DATA BELOW Block Start

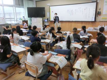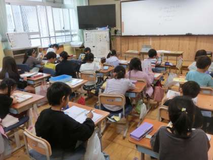 国語科では漢字の学習に丁寧に取り組んでいます。また「ともだちはどこかな」の単元では、大事なことを落とさずに聞くこと、メモを取ることの学習をしました。
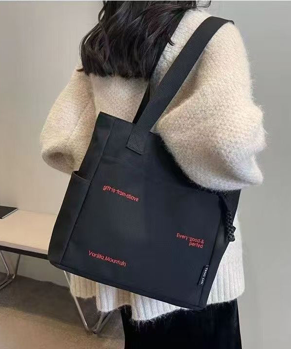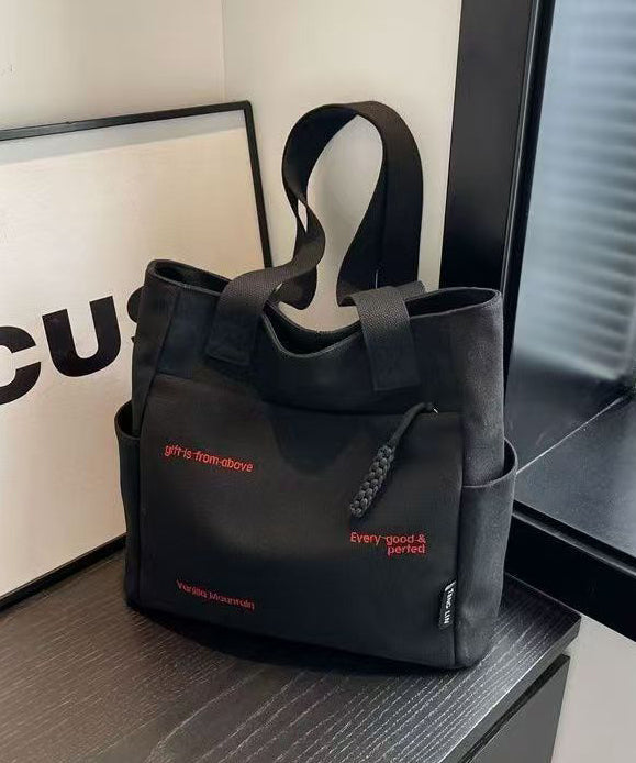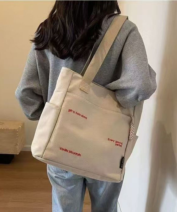 Boutique Brown Letter Embroidery Solid Durable Canvas Shoulder Bags
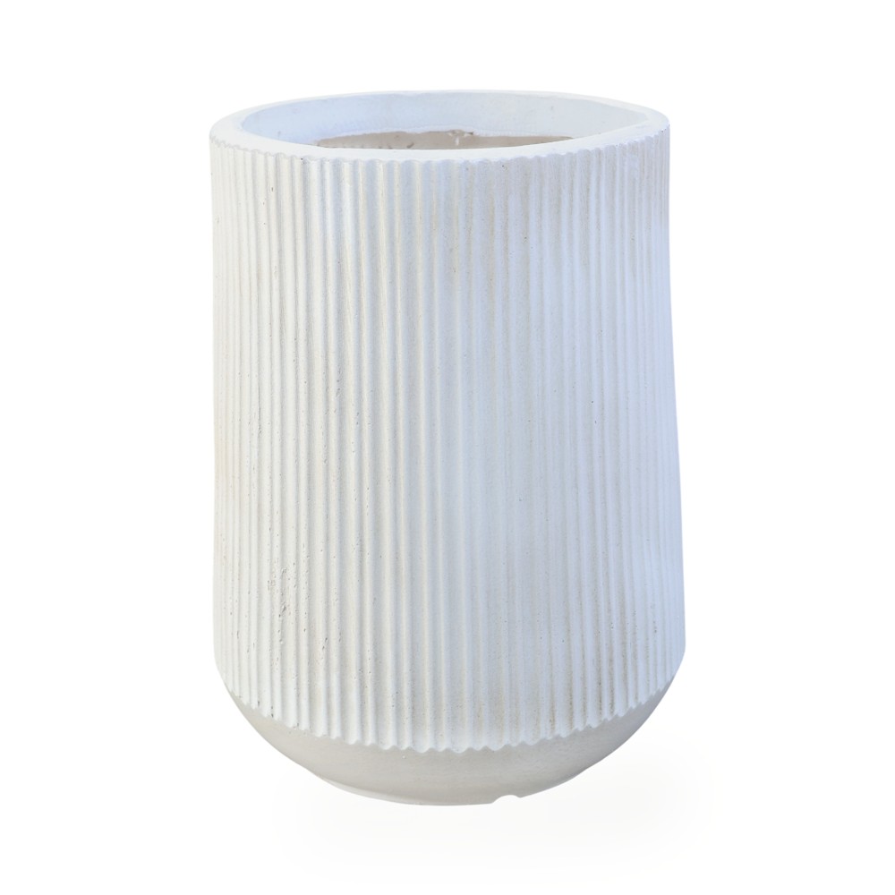 Vazo lulesh, e punuar nga argjilë cilësore në ngjyrë të bardhë të pastër, që reflekton thjeshtësi dhe elegancë. Me përmasa 26x26 cm dhe lartësi 33 cm, kjo vazo është ideale për lule apo bimë të vogla dekorative, duke sjellë freski dhe harmoni në çdo ambient. Dizajni i saj minimalist e bën të lehtë për t’u kombinuar me stile të ndryshme interieri dhe eksterieri, duke shtuar një prekje natyrale dhe të rafinuar në hapësirën tuaj. E përkryer për shtëpi, zyra apo ambiente komerciale. Mund të përdoret si për mbjelljen e luleve të ambienteve të jashtme ashtu edhe atyre të brendshme. Materiali i saj rezistent, jo vetëm që ruan higjenën e ambientit ku ju do e kompozoni, por gjithashtu ju ofron garanci falë nërthurjes së materialit të argjilës me fibra.
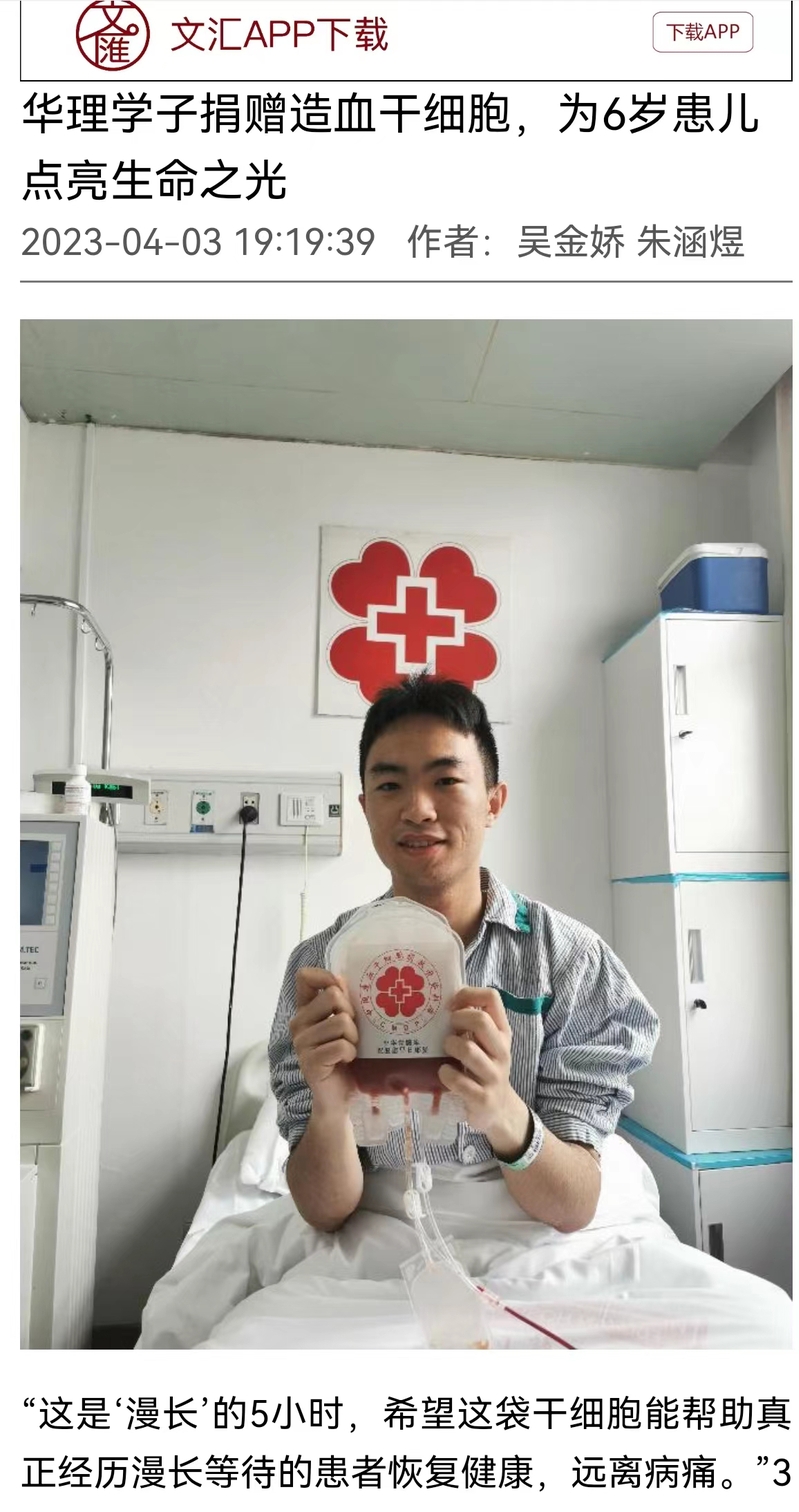 【文汇APP】华理学子捐赠造血干细胞,为6岁患儿点亮生命之光

DATA BELOW Block End

ACTION ITEM - Return each line above exactly; any pictures are to be skipped.

RESULT BELOW -
 国語科では漢字の学習に丁寧に取り組んでいます。また「ともだちはどこかな」の単元では、大事なことを落とさずに聞くこと、メモを取ることの学習をしました。
 Boutique Brown Letter Embroidery Solid Durable Canvas Shoulder Bags
 Vazo lulesh, e punuar nga argjilë cilësore në ngjyrë të bardhë të pastër, që reflekton thjeshtësi dhe elegancë. Me përmasa 26x26 cm dhe lartësi 33 cm, kjo vazo është ideale për lule apo bimë të vogla dekorative, duke sjellë freski dhe harmoni në çdo ambient. Dizajni i saj minimalist e bën të lehtë për t’u kombinuar me stile të ndryshme interieri dhe eksterieri, duke shtuar një prekje natyrale dhe të rafinuar në hapësirën tuaj. E përkryer për shtëpi, zyra apo ambiente komerciale. Mund të përdoret si për mbjelljen e luleve të ambienteve të jashtme ashtu edhe atyre të brendshme. Materiali i saj rezistent, jo vetëm që ruan higjenën e ambientit ku ju do e kompozoni, por gjithashtu ju ofron garanci falë nërthurjes së materialit të argjilës me fibra.
 【文汇APP】华理学子捐赠造血干细胞,为6岁患儿点亮生命之光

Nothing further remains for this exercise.